**INPUT DATA**

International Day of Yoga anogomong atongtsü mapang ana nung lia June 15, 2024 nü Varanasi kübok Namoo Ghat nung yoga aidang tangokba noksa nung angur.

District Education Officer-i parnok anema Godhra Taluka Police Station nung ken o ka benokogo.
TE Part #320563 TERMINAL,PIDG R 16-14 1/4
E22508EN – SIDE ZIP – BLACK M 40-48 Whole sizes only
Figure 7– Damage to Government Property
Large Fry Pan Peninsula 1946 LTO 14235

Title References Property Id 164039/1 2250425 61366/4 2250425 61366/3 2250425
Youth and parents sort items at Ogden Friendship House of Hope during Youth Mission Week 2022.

---

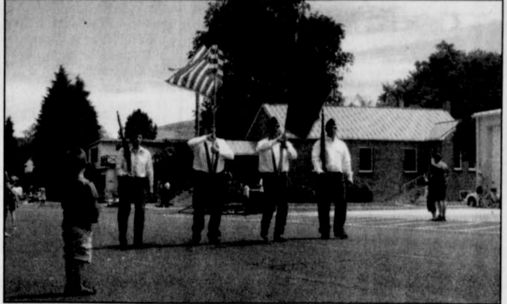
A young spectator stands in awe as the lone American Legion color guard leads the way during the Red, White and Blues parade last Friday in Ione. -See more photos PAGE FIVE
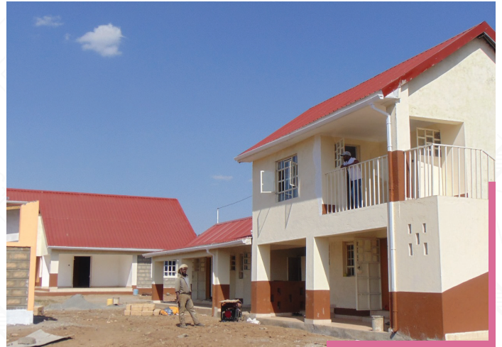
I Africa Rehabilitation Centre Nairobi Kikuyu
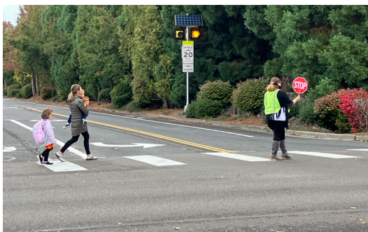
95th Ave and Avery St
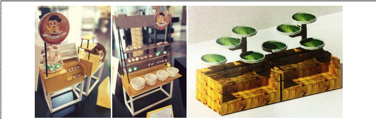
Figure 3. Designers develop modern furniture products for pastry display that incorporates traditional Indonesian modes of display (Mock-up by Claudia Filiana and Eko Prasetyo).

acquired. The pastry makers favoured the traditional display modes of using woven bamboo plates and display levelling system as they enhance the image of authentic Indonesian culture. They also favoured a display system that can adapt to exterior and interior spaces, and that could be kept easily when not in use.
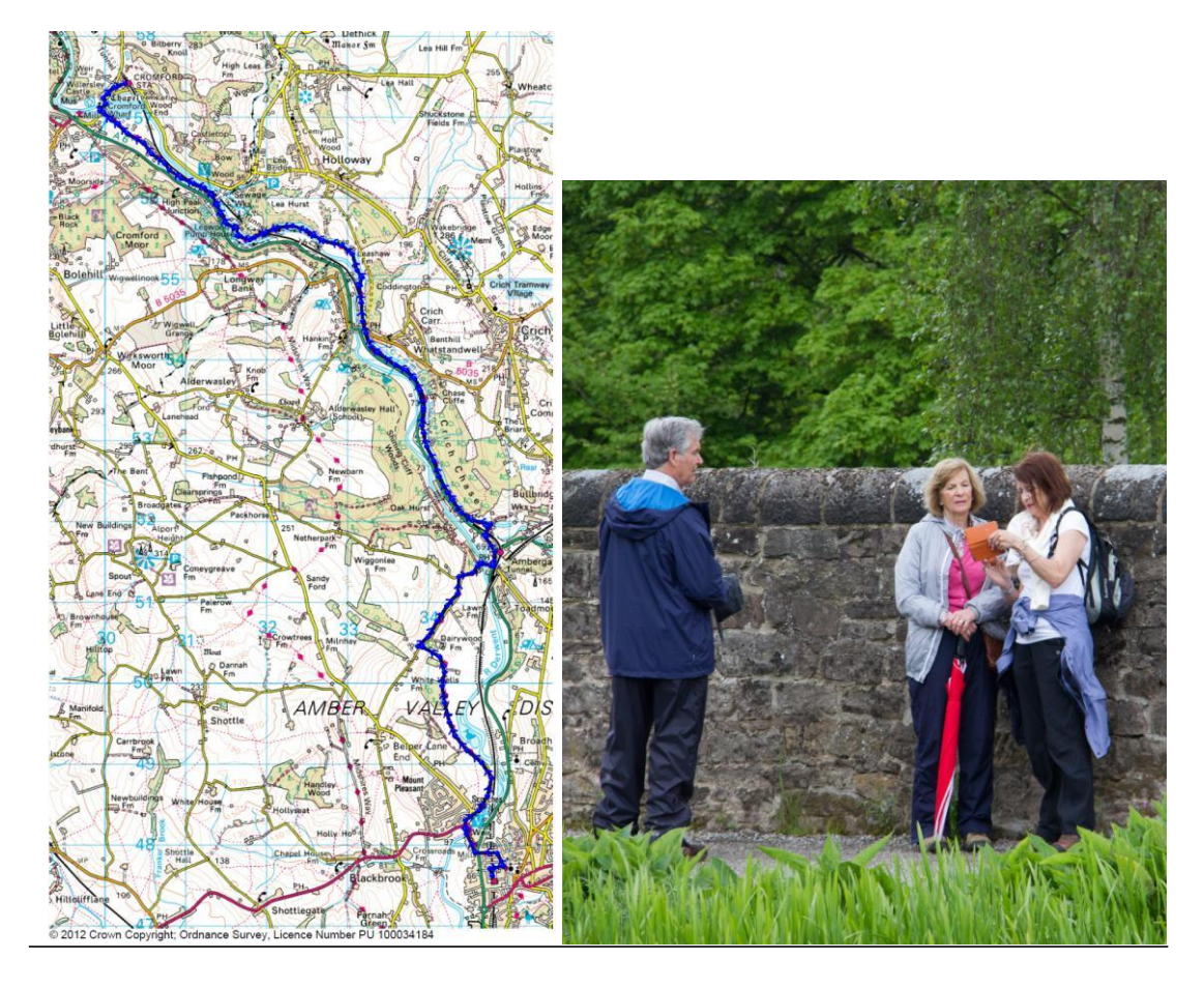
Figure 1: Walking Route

--

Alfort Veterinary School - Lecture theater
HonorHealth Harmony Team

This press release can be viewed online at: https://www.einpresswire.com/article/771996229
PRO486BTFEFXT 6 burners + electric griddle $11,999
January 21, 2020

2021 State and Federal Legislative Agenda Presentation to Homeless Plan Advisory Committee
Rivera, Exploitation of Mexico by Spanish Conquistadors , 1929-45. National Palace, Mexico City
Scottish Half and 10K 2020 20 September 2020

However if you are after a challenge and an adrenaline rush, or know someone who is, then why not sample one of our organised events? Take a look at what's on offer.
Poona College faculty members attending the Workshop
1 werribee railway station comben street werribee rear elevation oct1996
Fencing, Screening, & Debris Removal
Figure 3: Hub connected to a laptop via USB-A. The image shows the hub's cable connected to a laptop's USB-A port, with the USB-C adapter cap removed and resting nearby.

**DIRECTIONS**
All lines above from the one containing "1 werribee railway" to the one containing "Figure 3: Hub" must be repeated exactly, both lines included, and no others.

**EXERCISE OUTPUT**
1 werribee railway station comben street werribee rear elevation oct1996
Fencing, Screening, & Debris Removal
Figure 3: Hub connected to a laptop via USB-A. The image shows the hub's cable connected to a laptop's USB-A port, with the USB-C adapter cap removed and resting nearby.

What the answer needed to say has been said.